CANBERRA’S inviting woodlands are becoming an important flight diversion for a species of parrot under threat, suffering one of Australia’s worse predation rates.
More than 50 swift parrots have been sighted around the Territory over the past week, as the critically-endangered bird migrates from Tasmania to mainland Australia looking for food ahead of settling anywhere from south-east Queensland to that state’s far north.
Researchers from ANU have found that there are fewer than 300 swift parrots left in the wild after previous estimates had the population count closer to an optimistic 2000 birds.
Demographic information suggest the species could be extinct by 2031 based on the results of genetic evidence of earlier studies.
“The harvesting of timber within a swift parrot habitat on the NSW south coast – and in Tasmania – is significantly impacting the long-term viability of the species,” Dr Debbie Saunders, from ANU, said.

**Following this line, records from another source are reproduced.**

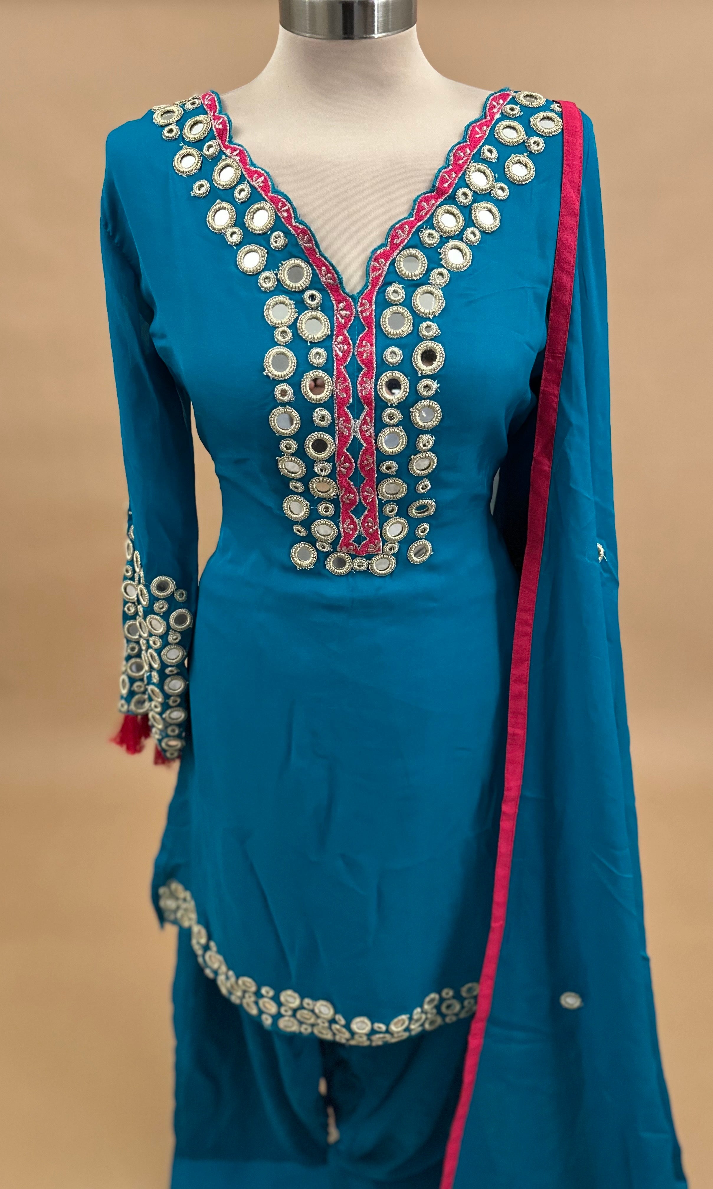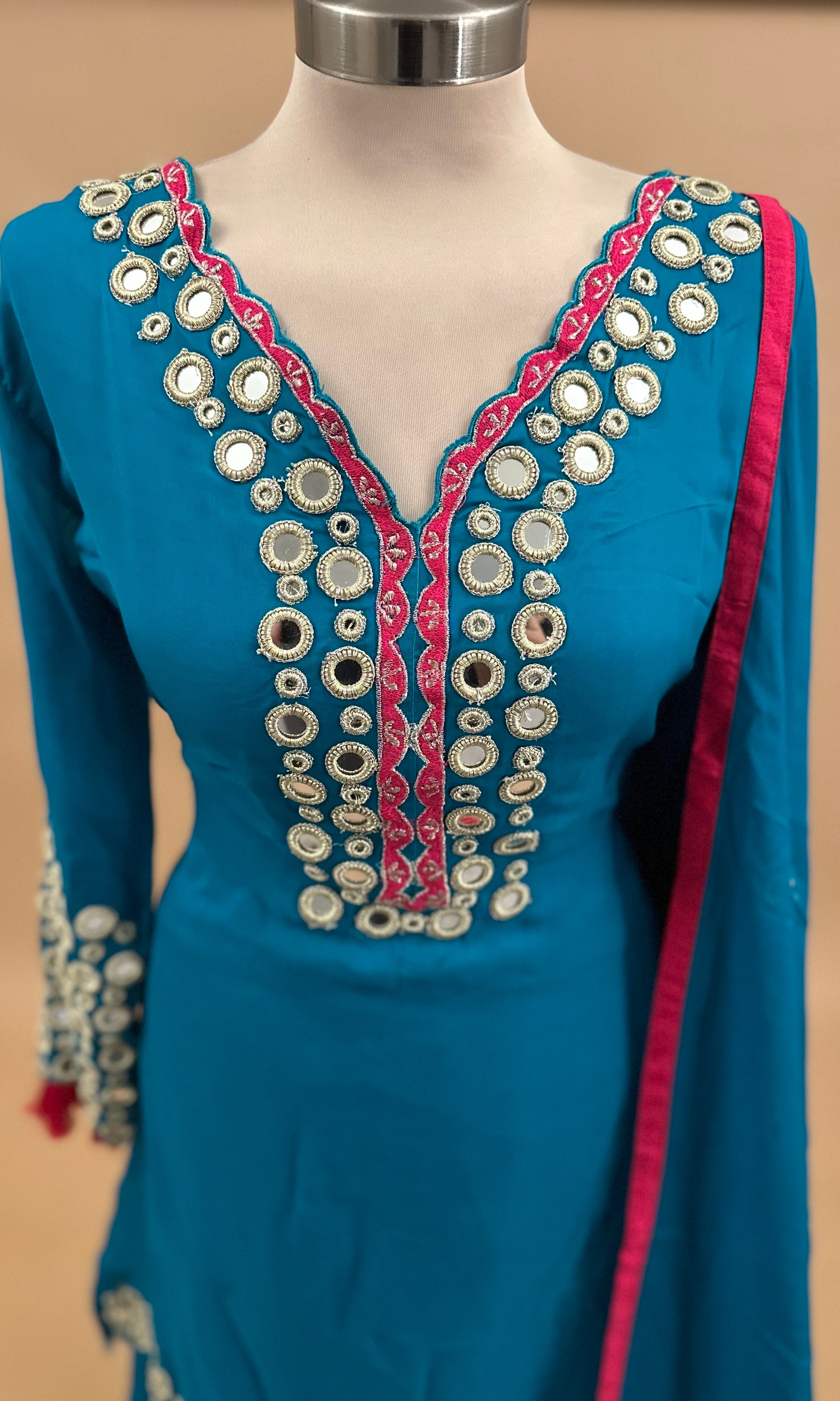 Elevate your festive wardrobe with this stunning blue Dasheen fabric pant suit, expertly crafted for sophisticated occasions. The ensemble features an elegant Farshi silhouette paired with a coordinating dupatta, creating a graceful drape that flatters every frame. Intricate mirror work embroidery adorns the fabric, adding a luxurious sparkle and dimension to your look. The premium Dasheen material offers a refined texture and comfortable wear throughout your celebration. Perfect for weddings, parties, and formal gatherings, this timeless piece combines traditional elegance with contemporary style.
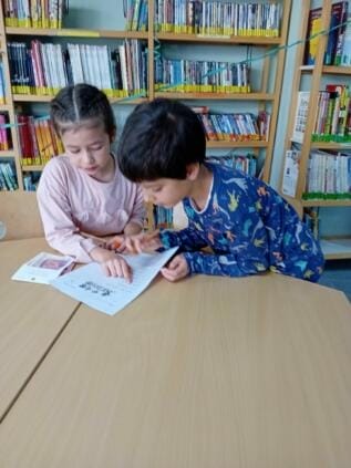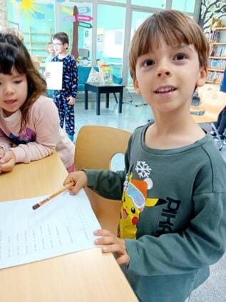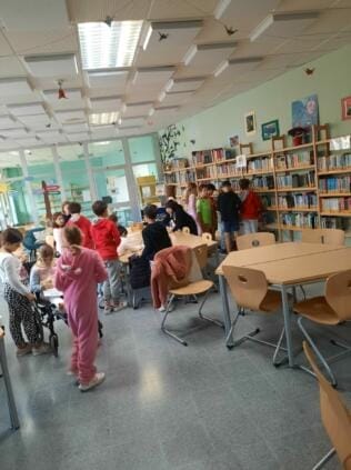En la semana de carnaval buena parte del alumnado de la primaria de las clases 1 a 4 se fue a buscar pistas en la biblioteca.
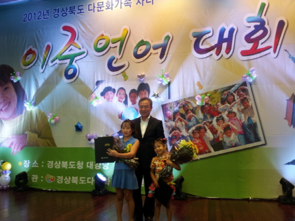 포항시 다문화가족지원센터(센터장 김완수)가 8월 30일 경상북도청 대강당에서 개최된‘2012 경상북도 다문화가족 자녀 이중언어 대회’에서 최우수상과 어울림상을 수상하는 영예를 안았다.
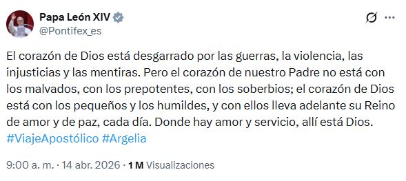 No obstante, el vicepresidente también expresó respeto personal hacia el Pontífice, señalando que lo admira y que no le incomoda que intervenga en cuestiones actuales, incluso cuando discrepa de su enfoque.

“Swift parrots prefer foraging in big, older trees with natural hollows, so the logging of a mature habitat reduces both the availability and quality of food resources.”

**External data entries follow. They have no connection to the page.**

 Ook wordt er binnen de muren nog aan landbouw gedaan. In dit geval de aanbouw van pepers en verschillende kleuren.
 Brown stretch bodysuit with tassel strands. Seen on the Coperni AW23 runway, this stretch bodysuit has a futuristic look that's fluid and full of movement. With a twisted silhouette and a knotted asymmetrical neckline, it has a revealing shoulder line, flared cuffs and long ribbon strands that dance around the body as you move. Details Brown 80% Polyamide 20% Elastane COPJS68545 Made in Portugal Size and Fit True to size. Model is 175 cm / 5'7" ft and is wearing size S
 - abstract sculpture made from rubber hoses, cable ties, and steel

The nomadic migrant is under threat from sugar gliders after the possum species hunts its prey where logging is most severe among Tasmania’s heavy operations of forestation.
Canberra is also considered a preferred option for the swift parrot while a winter habitat of the NSW south coast is being logged.
ACT Minister for the Environment Rebecca Vassarotti said authorities are very aware of the national environmental devastation that needs to be reversed urgently to save the parrot.
“The ACT has already taken proactive steps to conserve habitat for these parrots and other woodland-dependent species,” Ms Vassarotti said.
“We are managing and conserving the most intact woodland in Australia, including critically endangered Yellow Box – Blakely’s Red Gum Woodland.
“Logging represents the single biggest threat to the survival of the swift parrot in the wild.”
Ms Vassarotti has called on the Commonwealth to urgently improve Australia’s Environment Protection and Biodiversity Conservation Act.
Logging is largely exempt from the EPBC Act under a series of regional forestry agreements between federal government and the states.
Ms Vassarotti wants the Commonwealth to strengthen protections for native forests and remove the logging industry’s special exemption from national environmental law.
Former lawyer Graeme Samuel led a once-a-decade review of national environment laws, concluding that the EPBC Act is “failing to stem an extinction crisis”.
“If there’s no change, the species is on a 10-year track to extinction,” Ms Vassarotti said.
“We need to see leadership from the federal government, including a plan to improve environmental standards rather than accept ongoing environmental decline.”
“Scientists and conservation groups have said the forestry exemption is one of a series of failures in the design and implementation of the legislation that favours industry over environment.”